Entries taken from a collection
• • •

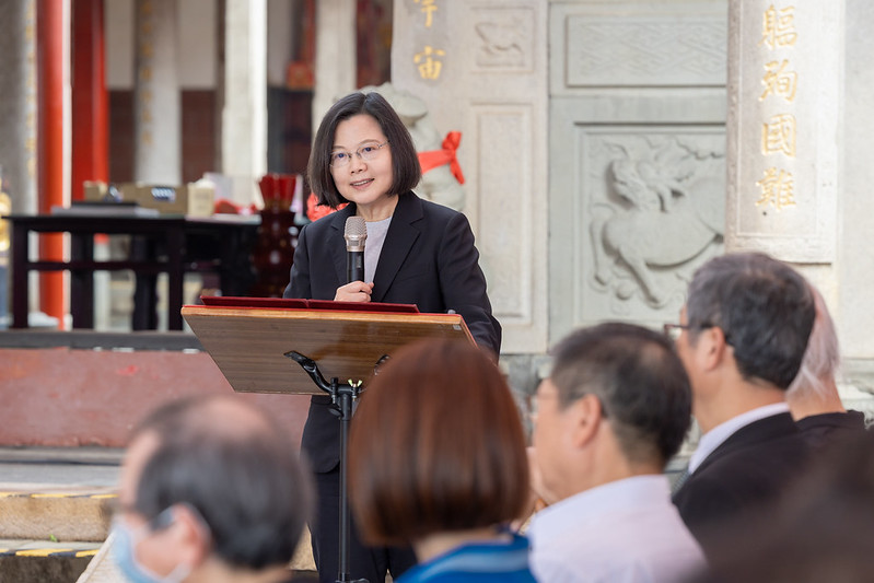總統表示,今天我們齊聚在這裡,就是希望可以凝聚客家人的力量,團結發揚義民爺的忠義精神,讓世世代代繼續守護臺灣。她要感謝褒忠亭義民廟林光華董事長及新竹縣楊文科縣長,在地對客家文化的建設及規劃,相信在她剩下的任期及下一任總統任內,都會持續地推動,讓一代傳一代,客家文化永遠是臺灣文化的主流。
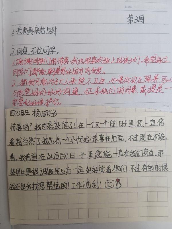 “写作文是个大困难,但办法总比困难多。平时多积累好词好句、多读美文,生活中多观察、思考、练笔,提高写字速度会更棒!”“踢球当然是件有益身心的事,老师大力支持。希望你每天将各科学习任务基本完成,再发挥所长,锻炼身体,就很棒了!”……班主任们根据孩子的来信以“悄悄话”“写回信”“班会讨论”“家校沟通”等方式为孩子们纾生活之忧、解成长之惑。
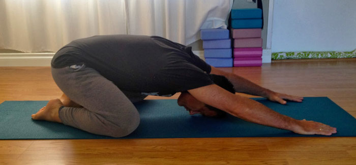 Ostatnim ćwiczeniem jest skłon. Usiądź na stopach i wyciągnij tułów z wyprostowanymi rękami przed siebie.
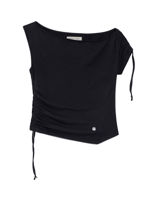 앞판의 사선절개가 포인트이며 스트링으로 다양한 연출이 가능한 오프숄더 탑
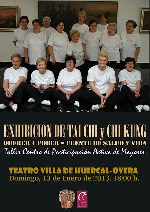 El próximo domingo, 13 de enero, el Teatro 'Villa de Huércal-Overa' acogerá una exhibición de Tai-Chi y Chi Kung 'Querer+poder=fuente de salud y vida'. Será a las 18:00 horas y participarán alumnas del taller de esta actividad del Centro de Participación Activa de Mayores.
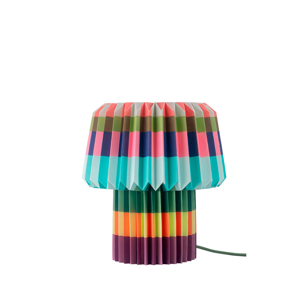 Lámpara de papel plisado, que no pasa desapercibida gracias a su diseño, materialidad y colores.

• • •

- [HOW TO COMPLETE THIS TASK]: Your response must reproduce every line of the data exactly, with images omitted.

- [OUTPUT OF THE TASK]:
總統表示,今天我們齊聚在這裡,就是希望可以凝聚客家人的力量,團結發揚義民爺的忠義精神,讓世世代代繼續守護臺灣。她要感謝褒忠亭義民廟林光華董事長及新竹縣楊文科縣長,在地對客家文化的建設及規劃,相信在她剩下的任期及下一任總統任內,都會持續地推動,讓一代傳一代,客家文化永遠是臺灣文化的主流。
 “写作文是个大困难,但办法总比困难多。平时多积累好词好句、多读美文,生活中多观察、思考、练笔,提高写字速度会更棒!”“踢球当然是件有益身心的事,老师大力支持。希望你每天将各科学习任务基本完成,再发挥所长,锻炼身体,就很棒了!”……班主任们根据孩子的来信以“悄悄话”“写回信”“班会讨论”“家校沟通”等方式为孩子们纾生活之忧、解成长之惑。
 Ostatnim ćwiczeniem jest skłon. Usiądź na stopach i wyciągnij tułów z wyprostowanymi rękami przed siebie.
 앞판의 사선절개가 포인트이며 스트링으로 다양한 연출이 가능한 오프숄더 탑
 El próximo domingo, 13 de enero, el Teatro 'Villa de Huércal-Overa' acogerá una exhibición de Tai-Chi y Chi Kung 'Querer+poder=fuente de salud y vida'. Será a las 18:00 horas y participarán alumnas del taller de esta actividad del Centro de Participación Activa de Mayores.
 Lámpara de papel plisado, que no pasa desapercibida gracias a su diseño, materialidad y colores.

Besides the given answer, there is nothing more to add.